The latest results of the Xenon100 detector have implications for the theory of particle physics and the experiments at the LHC accelerator at CERN in Geneva. Which conclusions can be drawn? We spoke with Manfred Lindner, Head of Xenon100 at the Max Planck Institute for .

Can you describe how Xenon100 works in a few words?

The detector consists of a tank which is filled with 162 kilograms of extremely pure liquid xenon. If a WIMP collides with an atom here, a flash of light is triggered and electric charges are generated at the same time. If such a double event is registered, it is an indication for the existence of a dark matter particle whose mass could also be determined. An enormous technical challenge is to protect the detector from interfering radiation – caused mainly by natural radioactivity. To this end, the xenon was purified to a very high degree and the detector shielded from external influences with several layers of different materials.

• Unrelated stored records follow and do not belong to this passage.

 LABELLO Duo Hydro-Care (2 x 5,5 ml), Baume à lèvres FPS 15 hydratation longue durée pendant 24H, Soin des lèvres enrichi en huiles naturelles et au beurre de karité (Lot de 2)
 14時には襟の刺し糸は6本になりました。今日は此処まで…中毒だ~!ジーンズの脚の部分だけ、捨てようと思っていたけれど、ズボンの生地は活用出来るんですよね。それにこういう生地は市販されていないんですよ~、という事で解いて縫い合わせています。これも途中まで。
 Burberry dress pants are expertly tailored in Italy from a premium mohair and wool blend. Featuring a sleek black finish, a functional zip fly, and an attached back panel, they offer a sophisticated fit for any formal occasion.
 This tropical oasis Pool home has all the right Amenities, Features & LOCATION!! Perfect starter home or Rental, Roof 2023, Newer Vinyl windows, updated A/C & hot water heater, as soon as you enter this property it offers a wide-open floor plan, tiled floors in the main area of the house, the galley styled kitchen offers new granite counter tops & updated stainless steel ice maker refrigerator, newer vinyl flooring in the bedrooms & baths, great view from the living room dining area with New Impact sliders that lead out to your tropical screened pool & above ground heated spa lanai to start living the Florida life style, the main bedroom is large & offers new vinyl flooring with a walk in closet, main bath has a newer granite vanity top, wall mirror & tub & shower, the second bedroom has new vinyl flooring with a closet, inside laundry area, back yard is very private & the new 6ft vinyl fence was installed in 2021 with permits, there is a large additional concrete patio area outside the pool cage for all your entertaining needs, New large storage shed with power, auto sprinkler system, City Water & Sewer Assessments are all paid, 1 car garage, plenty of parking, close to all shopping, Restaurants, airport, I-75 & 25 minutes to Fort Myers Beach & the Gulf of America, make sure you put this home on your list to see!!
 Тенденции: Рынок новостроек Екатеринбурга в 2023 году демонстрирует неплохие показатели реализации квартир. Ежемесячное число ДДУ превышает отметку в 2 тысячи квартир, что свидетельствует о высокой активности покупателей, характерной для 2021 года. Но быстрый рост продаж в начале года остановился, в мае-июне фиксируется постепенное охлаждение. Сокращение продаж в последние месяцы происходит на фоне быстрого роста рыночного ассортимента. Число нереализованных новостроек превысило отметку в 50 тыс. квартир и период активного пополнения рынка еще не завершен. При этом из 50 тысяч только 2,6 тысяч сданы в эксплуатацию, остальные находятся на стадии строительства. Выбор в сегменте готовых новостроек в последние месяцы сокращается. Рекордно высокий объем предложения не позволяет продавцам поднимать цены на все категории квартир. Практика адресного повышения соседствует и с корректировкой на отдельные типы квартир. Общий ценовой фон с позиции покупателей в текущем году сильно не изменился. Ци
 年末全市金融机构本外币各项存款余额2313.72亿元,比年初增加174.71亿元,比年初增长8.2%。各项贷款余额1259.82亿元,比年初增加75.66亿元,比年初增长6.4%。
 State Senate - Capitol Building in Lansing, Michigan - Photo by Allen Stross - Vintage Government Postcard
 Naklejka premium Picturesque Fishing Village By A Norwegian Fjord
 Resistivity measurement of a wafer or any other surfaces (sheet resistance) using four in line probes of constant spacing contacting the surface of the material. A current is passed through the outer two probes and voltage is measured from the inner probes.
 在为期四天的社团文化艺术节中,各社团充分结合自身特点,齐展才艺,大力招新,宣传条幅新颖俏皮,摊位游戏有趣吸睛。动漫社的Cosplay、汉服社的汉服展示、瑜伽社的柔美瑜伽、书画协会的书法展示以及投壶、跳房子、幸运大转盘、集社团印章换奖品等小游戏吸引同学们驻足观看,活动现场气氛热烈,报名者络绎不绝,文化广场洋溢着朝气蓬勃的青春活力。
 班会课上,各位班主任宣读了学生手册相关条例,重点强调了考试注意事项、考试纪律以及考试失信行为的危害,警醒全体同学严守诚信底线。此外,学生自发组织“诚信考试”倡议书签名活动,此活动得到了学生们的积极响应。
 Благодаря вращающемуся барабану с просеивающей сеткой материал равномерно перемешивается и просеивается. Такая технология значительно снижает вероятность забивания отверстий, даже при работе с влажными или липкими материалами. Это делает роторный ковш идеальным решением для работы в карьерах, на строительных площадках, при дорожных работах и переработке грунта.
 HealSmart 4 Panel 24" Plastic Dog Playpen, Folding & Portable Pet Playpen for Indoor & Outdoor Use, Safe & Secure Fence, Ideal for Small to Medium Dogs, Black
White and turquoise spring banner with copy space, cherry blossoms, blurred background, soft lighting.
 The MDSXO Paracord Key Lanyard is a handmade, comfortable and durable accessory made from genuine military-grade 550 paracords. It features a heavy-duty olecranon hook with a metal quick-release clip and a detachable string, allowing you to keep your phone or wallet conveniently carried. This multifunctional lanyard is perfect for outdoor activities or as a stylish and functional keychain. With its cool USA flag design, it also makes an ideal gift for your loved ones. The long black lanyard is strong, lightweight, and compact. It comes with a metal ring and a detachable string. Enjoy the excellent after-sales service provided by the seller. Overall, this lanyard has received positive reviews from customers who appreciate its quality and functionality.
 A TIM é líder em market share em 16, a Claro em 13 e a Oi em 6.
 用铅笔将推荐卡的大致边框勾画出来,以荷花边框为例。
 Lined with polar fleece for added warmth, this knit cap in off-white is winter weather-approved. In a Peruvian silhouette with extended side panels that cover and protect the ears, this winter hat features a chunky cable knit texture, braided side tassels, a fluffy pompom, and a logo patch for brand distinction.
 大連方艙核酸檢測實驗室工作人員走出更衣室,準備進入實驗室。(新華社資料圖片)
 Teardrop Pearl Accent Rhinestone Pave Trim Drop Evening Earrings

You registered three events in your measurement data from the first half of last year. Could these be WIMPs?

The three events agree with our prediction of the interfering events to be expected statistically in a hundred days. We therefore say that the result provides only limits for WIMPs. At the moment, the detector is operating with much higher purity so we can’t wait to see what the analysis of these data will provide later in the year.

What can one conclude from this null effect?

We have greatly narrowed down the range in which WIMPs can exist. Theoretical predictions set a most probable mass range for these particles which is in the order of 100 gigaelectronvolts, roughly corresponding to the mass of a xenon nucleus. With Xenon100 we ventured precisely into this mass range and narrowed it down enormously. The permissible range for the WIMPs is thus becoming smaller and smaller.

Could the LHC already be able to detect the theoretically predicted WIMPs?

This should be possible with the upcoming data if the WIMPs are present in the mass range predicted.

Couldn’t the WIMPs also be much lighter? In the range below ten gigaelectronvolts, which corresponds to the mass of a carbon atom, Xenon100 is no longer sensitive.

In principle, this cannot be excluded, but the so-called WIMP miracle is then lost. This denotes the fact that new , which become necessary because of the shortcomings of the standard model of particle physics, automatically provide the correct quantity of dark matter from the Big Bang. It is easy to see that we are in a way putting together a multi-part puzzle, and it is remarkable how many indications from very different fields fit together consistently. Light or very light WIMPs do not fit into the overall picture nearly as well here. But they cannot be excluded.

What’s the next step?

First of all, we will continue measuring with Xenon100. We have already been able to reduce the interfering krypton background to almost one tenth so that the next series of measurements, which we want to evaluate by the autumn, will already provide even more accurate results. At the same time we are already planning an enlarged version of Xenon100 for the next few years - Xenon1T with 2.5 tonnes of xenon.

When is Xenon1T expected to be completed?

The construction should be completed by the end of 2014, and in 2015 we want to begin with the measurements. A very ambitious schedule, but quite realistic for experiments of this size.

And what happens if you cannot find WIMPs with this either?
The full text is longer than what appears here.